Установление различий, умножение количества и разнообразия отличных
от меня Других, так же может иметь под собой скрытое, неосознанное
стремление не обрести свободу перед лицом социума, но, напротив,
иметь возможность «перед осуждающим взглядом одного <…> сбежать к
другому, и на время припасть к его спасительной груди» [Корнев 1997;
250]. Отказ от собственного экзистирования в пользу Другого,
препоручение Другому своего бытия, согласие жить под «господством
других» (Herrschaft der Anderen), есть неподлинное бытие человека,
имеющее следствием собственную безликость (Man), когда «каждый
оказывается другой, и никто он сам» [Хайдеггер 1997; 128]. Следует
отметить, впрочем, что понятие ‘Man’, которое использует М.
Хайдеггер (‘On’ М. Мерло-Понти, ‘Es’ Ф. Ницше, ‘Id’ З. Фрейда)
отнюдь не означает сущего, лишенного свойств Я, но лишь ущербный
модус бытия этого Я, потерю самого себя (подобно тому, как
одиночество является ущербным модусом со-бытия). Как модификация
неподлинности, подлинность всегда “содержит” ее в себе, и наоборот
(следовательно со-существование с Другим оказывается неотчуждаемым
моментом индивидуации Dasein). И хотя в бытии-с-другим Я неосознанно
обеспокоен заботой о сохранении дистанции, своего отличия от других,
эти другие не есть «весь остаток прочих помимо меня, из коих
выделяется Я, другие это наоборот те, от которых человек сам себя
большей частью не отличает, среди которых и он тоже» [Хайдеггер
1997; 118]. Опыт Другого т.о. не есть столкновение с чуждым сфере
моего Я – но одно из измерений онтико-онтологического
трансцендирования Dasein, которое осуществляется в форме конфликта
собственных и чужеродных возможностей.

Осмысление ино(чуже-)родного и своих отношений с ним есть
существеннейшая черта человека, выделяющая его из природного мира и
объединяющая с другим человеком. «Мыслить – значит испытывать
желание создавать мир», – скажет в «Эссе об абсурде» А. Камю.

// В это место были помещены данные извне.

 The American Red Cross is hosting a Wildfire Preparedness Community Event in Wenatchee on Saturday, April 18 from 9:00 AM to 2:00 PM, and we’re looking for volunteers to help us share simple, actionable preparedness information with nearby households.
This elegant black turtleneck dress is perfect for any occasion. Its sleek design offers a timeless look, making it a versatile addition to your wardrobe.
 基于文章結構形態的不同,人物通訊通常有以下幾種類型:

Смыслотворческие интенции сознания человека реализуются в
потребности наделять смыслом все, соприсутствующее нам
(заколдовывать мир, по образному выражению М. Маффесоли), и в
способности находить, собирать смыслы во всем, что нас окружает,
т.е. расколдовывать мир (согласно М. Веберу). В основе
интерсубъективности как межличностного измерения Я и Другого лежит
феномен сходного конституирования мной и Другим находящегося между
(интер) нашими конституирующими действиями «жизненного мира» (die
Lebenswelt) – некоего универсального поля, где пересекаются интересы
и сферы влияния различных форм практик. Межсубъектные отношения
(моего сознания и сознания Другого) не только предполагают выход за
пределы моего Ego в опыте непосредственного общения (данность
другого Я в живом присутствии), но и интенциональные отсылки к
другому Я в пределах культуры: «Объекты культуры (книги, механизмы,
понятия) несут в себе опыт существования для каждого и,
следовательно, отсылают любого из нас к “другим” субъектам»

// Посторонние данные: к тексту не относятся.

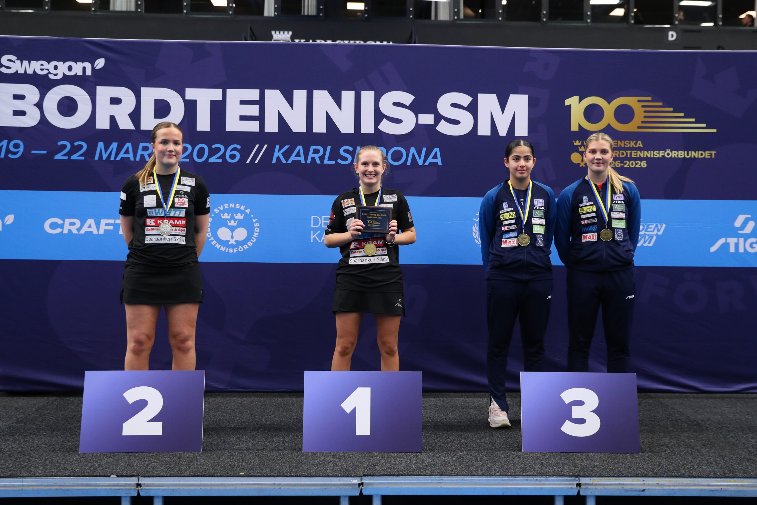 Bild: Prispallen i damer 20 på Swegon Bordtennis-SM 2026 Foto: Linda Carlsson

[Гуссерль 1998; 187]. Результатом подобных интенциональных
импликаций (возникающей для Я действительности Другого) становится
«конституирование нового бытийного смысла, выходящего за пределы
моего монадического Ego» [Гуссерль 1998; 190]. Речь уже идет не о
бытиии-для-другого, но о бытии-с-другим, не о борьбе сознаний, а о
своеобразной солидарности в использовании этого мира. Гуссерль
показывает, что обращение к Другому представляет собой необходимое
условие конституирования мира, являющегося интер-монадическим:
понятие “моего собственного” не только не отрицает Другого, оно
«основано на понятии “другого” и, следовательно, предполагает
последнее» [Гуссерль 1998; 200].

Человек одновременно имманентен и трансцендентен по отношению к
окружающему его – в основе данного феномена, согласно М.

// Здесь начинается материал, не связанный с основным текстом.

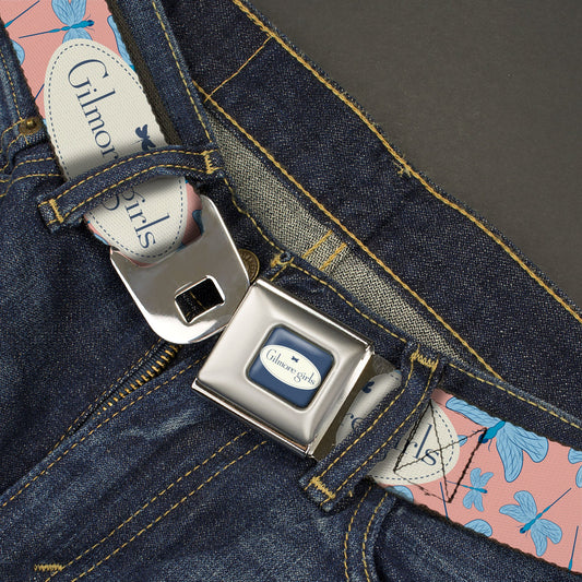 GILMORE GIRLS Title Logo Full Color Blue/White Seatbelt Belt - GILMORE GIRLS Title Logo and Dragon Flies Scattered Pink/White/Blues Webbing

Мерло-Понти, лежит то, что субъект всегда выступает как данный: «Я
дан, т.е. я нахожу себя уже помещенным и вовлеченным в физический и
социальный мир» [Мерло-Понти 1999; 459]. Т.о. внешний мир,
действительность которого для меня очевидна, является, согласно
терминологии М. Бахтина, ‘преднаходимым’, уже наличным.
‘Преднаходимым’ является не только мир, обживаемый мною, но и
окружение другого: «Все, до меня касающееся, приходит в мое
сознание, начиная с моего имени, из внешнего мира через уста других,
с их интонацией, в их эмоционально-ценностной тональности. Я осознаю
себя первоначально через других: от них я получаю слова, тональности
для формирования первоначального представления о себе самом. Как
тело формируется первоначально в материнском лоне, так и сознание
человека пробуждается окутанное чужим сознанием» [Бахтин 1979а;
342]. Скрытое под покровом анонимности близкое присутствие Другого я
ощущаю в любом культурном объекте, поскольку «Некто использует
трубку для того, чтобы курить, ложку, чтобы есть…» [Мерло-Понти
1999; 444]. Это обусловлено тем, что объекты культуры (понятия,
механизмы и т.д.) несут в себе опыт существования для каждого и в
этом смысле ни для кого в отдельности.

Другие, встреченные мной (именно встреченные, благодаря
озаботившемуся усмотрению, а не выхваченные случайно из ближайшего
окружения), всегда делят со мной и между собой мир, и поэтому мир
есть совместный мир, причем не категориально, но экзистенциально:
«Мир Dasien есть мир-с (Mitwelt). Бытие-в есть со-бытие (Mitsein) с
другим. Это внутримировое в-себе-бытие (Ansichsein) есть
сосуществование» [цит.: Долгов 1996; 35] . Другой при этом не
выступает в качестве подручного средства (тем, чем озабочены, что
используют, предотвращают, ожидают и т.д.), он сам есть присутствие
(тот, о ком заботятся, перед кем испытывают вину и т.д.). Поэтому
со-бытие не означает, что подле меня еще кто-то имеется в наличии:
«Присутствие экзистенциально определено со-бытием и тогда, когда
другой фактично не наличен и не воспринят» [Хайдеггер 1997; 120].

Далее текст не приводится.